Mahler's Symphony No 1
The Gramophone Choice
Coupled with Lieder eines fahrenden Gesellen
Dietrich Fischer-Dieskau bar Bavarian Radio Symphony Orchestra / Rafael Kubelík
DG The Originals 449 735-2GOR (67‘ · ADD · T/t) Recorded 1967. Buy from Amazon
Rafael Kubelík is essentially a poetic conductor and he gets more poetry out of this symphony than almost any other conductor who has recorded it. Although he takes the repeat of the first movement’s short exposition, it’s strange that he should ignore the single repeat sign in the Ländler when he seems so at ease with the music. Notwithstanding a fondness for generally brisk tempi in Mahler, Kubelík is never afraid of rubato here, above all in his very personally inflected account of the slow movement. This remains a delight. The finale now seems sonically a little thin, with the trumpets made to sound rather hard-pressed and the final climax failing to open out as it can in more modern recordings. The orchestral contribution is very good even if absolute precision isn’t guaranteed.
Dietrich Fischer-Dieskau’s second recording of the Lieder eines fahrenden Gesellen has worn rather less well, the spontaneous ardour of his earlier performance (with Furtwängler and the Philharmonia for EMI) here tending to stiffen into melodrama and mannerism. There’s much beautiful singing, and he’s most attentively accompanied, but the third song, ‘Ich hab’ ein glühend Messer’, is implausibly overwrought, bordering on self-parody. By contrast, Kubelík’s unpretentious, Bohemian approach to the symphony remains perfectly valid. A corrective to the grander visions of those who conduct the music with the benefit of hindsight and the advantages of digital technology? Perhaps.
Additional Recommendation
Hamburg 1893 version Coupled with Blumine
Netherlands Symphony Orchestra / Jan Willem de Vriend
Challenge Classics CC72355 (56’ · DDD). Buy from Amazon
Don’t miss this one. Where mainstream releases of the First Symphony from the likes of Sir Simon Rattle (EMI) have included the discarded Blumine movement as a species of makeweight, Jan Willem de Vriend has gone back to the earlier incarnations of the complete score into which Blumine slots more naturally as the second segment of what was then a five-movement ‘Symphonic Poem in Two Parts’. The smaller sonority isn’t primarily the consequence of employing the capable Netherlands SO. Rather it reflects the scoring Mahler required at this earlier stage in what was to prove, even for him, a long compositional process.

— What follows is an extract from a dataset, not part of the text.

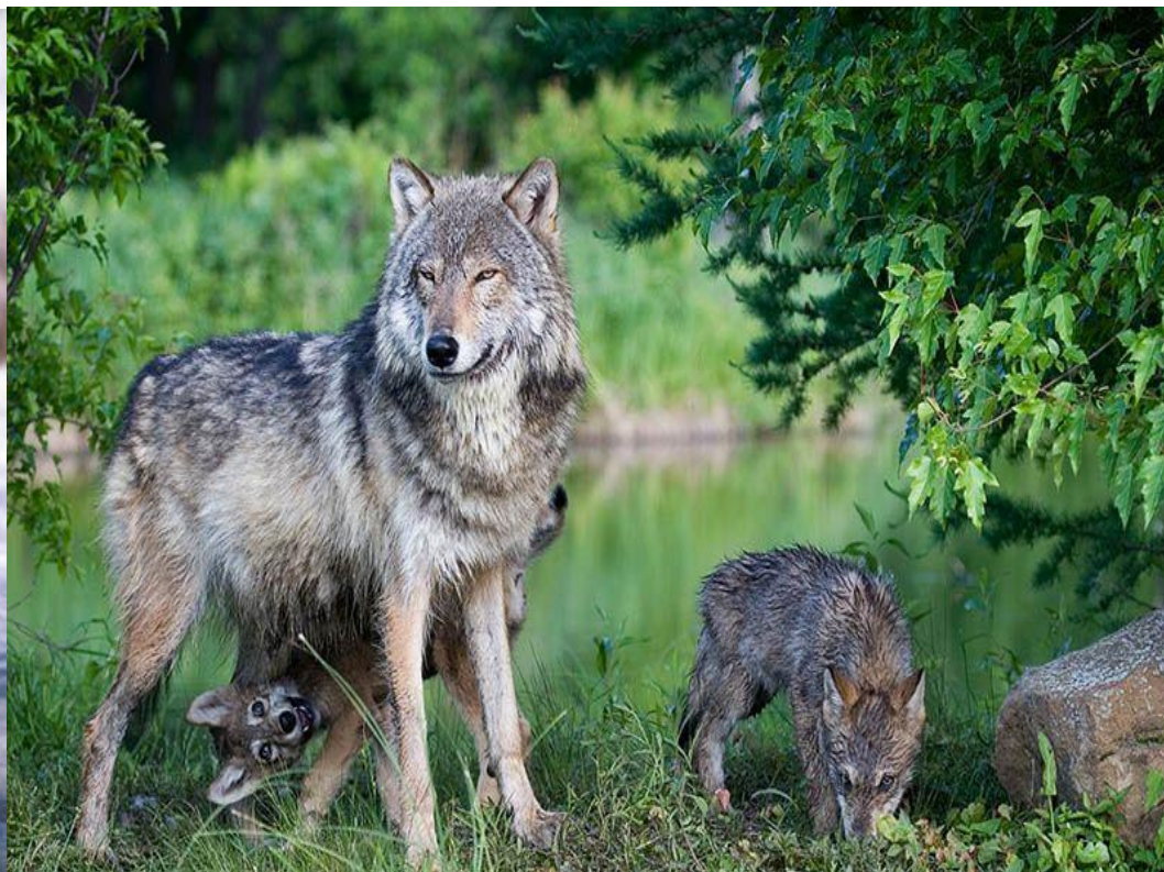
Волчица с волчатами

Whatever the arguments for and against the rehabilitation of Mahler’s moonlit serenade, restored to currency only in the 1960s, this is the first recording of the complete 1893 version to acquire international distribution since that of Wyn Morris in 1970. As such it may be seen as required listening for Mahlerians.
Known principally as an early-music specialist, the Dutch conductor’s emphasis on clarity of articulation, helped by excellent sound, allows the unusual aspects of the instrumentation to register more clearly than in that older, more romantic reading. In several passages the oddities will bring you up short. Of course, where other composers might have tinkered with their scores to make them less risky in performance, Mahler, the flamboyant composer-conductor, was doing the precise opposite, acquiring more chutzpah over time. In this intermediate incarnation, the work’s opening fanfares are given, more traditionally, to muted horns, extra timpani strokes underpin the start of the Scherzo and the beginning of the funeral march has a solo cello doubling that famously exposed solo double bass. The very end of the piece would not survive unscathed either.
All fascinating stuff and unlikely to be trumped by a comparable issue. Don’t expect the grand manner and you won’t be disappointed. The music-making is winningly fresh and vigorous.